The 1st Battalion was in the Arakan during the Burma campaign and later took over the defense of the Andaman & Nicobar Islands.

The 2nd Battalion was also in the Arakan area, and it fought a number of battles. The capture of Point 551, also known as Rajput Hill, was the most significant. The Japanese forces holding this feature had repelled attacks by other battalions, but the Rajputs captured the hill, winning an Indian Order of Merit, five Military Crosses, and two Military Medals for this action.

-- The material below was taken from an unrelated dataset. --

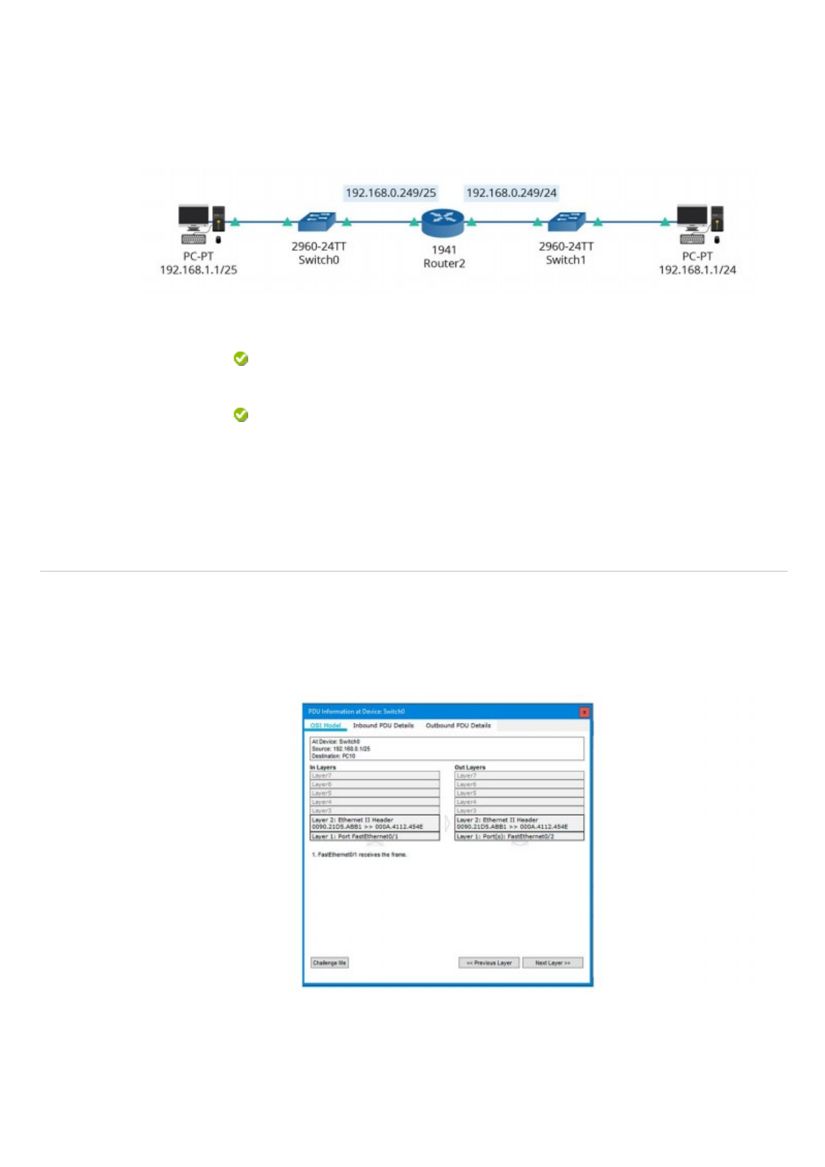 20/06/2020 Revisar envio do teste: ATIVIDADE 4 (A4) – 2020.1 REDES ... https://unp.blackboard.com/webapps/assessment/review/review.jsp?attempt_id=_31581891_1&course_id=_561210_1&content_id=_12655563_1… 1/7 Pergunta 1 Resposta Selecionada: Resposta Correta: Feedback da resposta: O Cisco Packet Tracer pode ser utilizado para a simulação da comutação de pacotes em nível de rede, utilizando o dispositivo roteador. Esse cenário ajuda a reproduzir ambientes em que temos diferentes sub-redes interligadas, definidas a partir das máscaras de sub-rede. Na figura a seguir, as interfaces do roteador e os endereços dos computadores estão configurados conforme as informações presentes. Fonte: Elaborada pelo autor. Em relação a este cenário apresentado, assinale a alternativa correta. O computador 192.168.0.1/25 não está na mesma rede da interface do roteador 192.168.0.249/25, portanto, não haverá comunicação entre estes. O computador 192.168.0.1/25 não está na mesma rede da interface do roteador 192.168.0.249/25, portanto, não haverá comunicação entre estes. Resposta correta. Esta resposta está correta, pois o endereço IP 192.168.0.249/25 atribuído na interface do roteador tem como endereço de rede 192.168.0.128, enquanto o endereço de rede do computador com IP 192.168.0.1/25 tem como endereço de rede 192.168.0.0, ou seja, estão em sub-redes diferentes. Assim, o computador não conseguirá comunicação com o computador 192.168.1.1/24 por meio desse roteador. Pergunta 2 No ambiente de simulação do Cisco Packet Tracer , é possível monitorar os eventos que ocorrem no tráfego de pacotes (PDU) do cenário criado, pela lista de eventos (event list ). Nesta lista, eventos podem ser selecionados e um detalhamento maior da PDU pode ser apresentado para uma análise com maior profundidade. Fonte: Elaborada pelo autor. Com relação à figura, analise as afirmativas abaixo e assinale V para a(s) verdadeira(s) e F para a(s) falsa(s): 1. ( ) O quadro Ethernet está sendo direcionado para o endereço físico 000A.4112.454E. 2. ( ) O evento mostra uma PDU entrante no switch pela interface da porta Fast Ethernet fa0/2. 1 em 1 pontos 1 em 1 pontos 20/06/2020 Revisar envio do teste: ATIVIDADE 4 (A4) – 2020.1 REDES ... https://unp.blackboard.com/webapps/assessment/review/review.jsp?attempt_id=_31581891_1&course_id=_561210_1&content_id=_12655563_1… 2/7 Resposta Selecionada: Resposta Correta: Feedback da resposta: 3. ( ) O quadro Ethernet tem como origem o equipamento com endereço 192.168.0.2 entrando pela interface fa0/1. 4. ( ) O endereço físico 0090.21D5.ABB1 corresponde ao endereço MAC do quadro entrante no switch. Assinale a alternativa que apresenta a sequência correta: V, F, F, V. V, F, F, V. Resposta correta. A sequência está correta, pois o quadro Ethernetapresenta como endereço físico de origem 0090.21D5.ABB1 e endereço de destino 000A.4112.454E. Este quadro entra no switch pela interfaceFast Ethernet fa0/1 e sai pela interface Fast Ethernet fa0/2. Pergunta 3 Foi implementado o cenário a seguir na ferramenta Cisco Packet Tracer , contendo três roteadores interligados e duas redes locais em diferentes localidades. A primeira rede local está na sub-rede 172.16.0.0/16, enquanto a segunda rede local está na sub-rede 192.168.0.0/24. Fonte: Elaborada pelo autor. Testes de ping foram realizados entre estas duas redes, e somente o computador com endereço IP 172.16.0.3/16 não está conseguindo obter resposta no comandoping para o endereço IP 192.168.0.2/24. Já o computador com endereço IP 172.16.0.2/16 está conseguindo executar o comando ping para o computador 192.168.0.2/24 com sucesso. Com base no comando ipconfig no computador 172.16.0.3/16, foi possível descobrir o problema. Fonte: Elaborada pelo autor. 1 em 1 pontos 20/06/2020 Revisar envio do teste: ATIVIDADE 4 (A4) – 2020.1 REDES ... https://unp.blackboard.com/webapps/assessment/review/review.jsp?attempt_id=_31581891_1&course_id=_561210_1&content_id=_12655563_1… 3/7 Resposta Selecionada: Resposta Correta: Feedback da resposta: Nesse sentido, assinale a alternativa que indica o problema da falha no teste de pingapresentado. Está faltando a configuração do endereço IP do default gateway. Está faltando a configuração do endereço IP do default gateway. Resposta correta. Esta alternativa está correta, pois, pelo resultado do comando ipconfig, o endereço IP do default gateway está com o valor 0.0.0.0. Nesse caso, o computador 172.16.0.3 não conseguirá atingir ogateway no roteador Router 0, o qual permitirá a comunicação com a rede 192.168.0.0. Pergunta 4 Resposta Selecionada: Resposta Correta: Feedback da resposta: Leia o excerto a seguir: “Existem duas escolhas básicas para conectar redes diferentes: podemos criar dispositivos que traduzem ou convertam pacotes de cada tipo de rede em pacotes para outra rede ou, como bons cientistas de computação, podemos tentar resolver o problema acrescentando uma camada de abstração, criando uma camada comum em cima das diferentes redes. De qualquer forma, os dispositivos são colocados nas fronteiras entre as redes.” TANENBAUM, A. S.; WETHERALL, D. Redes de computadores . 5. ed. São Paulo: Pearson Prentice Hall, 2011. p. 267. Assinale a alternativa que apresenta o campo na opção Desktop->IP Configuration do PC para permitir a comunicação deste computador com outras sub-redes utilizando endereçamento IPv4. Default Gateway Default Gateway Resposta correta. Esta alternativa está correta, pois o campo Default Gateway indica o endereço da rede do elemento Gateway que irá fazer a interligação com outras sub- redes. Este endereço IP deve fazer parte da mesma sub-rede do computador que deseja fazer esta comunicação. Pergunta 5 No cenário a seguir, temos uma rede construída no Cisco Packet Tracer, composta por dois roteadores, Router A e Router B, os quais são interligados pela rede 10.0.0.0. No Router A, temos a conexão da rede

The 3rd Battalion was shipped by convoy to Egypt in August and September 1940. Their convoy was attacked several times by Italian bombers operating out of Ethiopia. The battalion's Bren guns were deployed for air defense, and on one occasion, they are believed to have brought down an Italian aircraft. The battalion was stationed at Suez, Egypt, and was deployed to defend Cyprus following the German attack on Crete, as part of the Indian 5th Infantry Division's 161st Indian Infantry Brigade. Here, they were mainly used in an anti-parachute role, supported by Australian armor. Later, they returned to Egypt and participated in fierce fighting around Deir el Shein and Ruweisat Ridge, including a tough offensive on the 21st and 22nd of July 21 and 22, 1942, during which they suffered many casualties, including the loss of their commanding officer. On 6 August, Sikandar Hayat Khan, Premier of the Punjab, visited the battalion and, having inspected the P.M.s of the battalion, addressed them. He spoke mainly about what the Indian Army had done and was doing, and also generally about the condition in Punjab. Later in the year, the battalion participated in the Second Battle of El Alamein.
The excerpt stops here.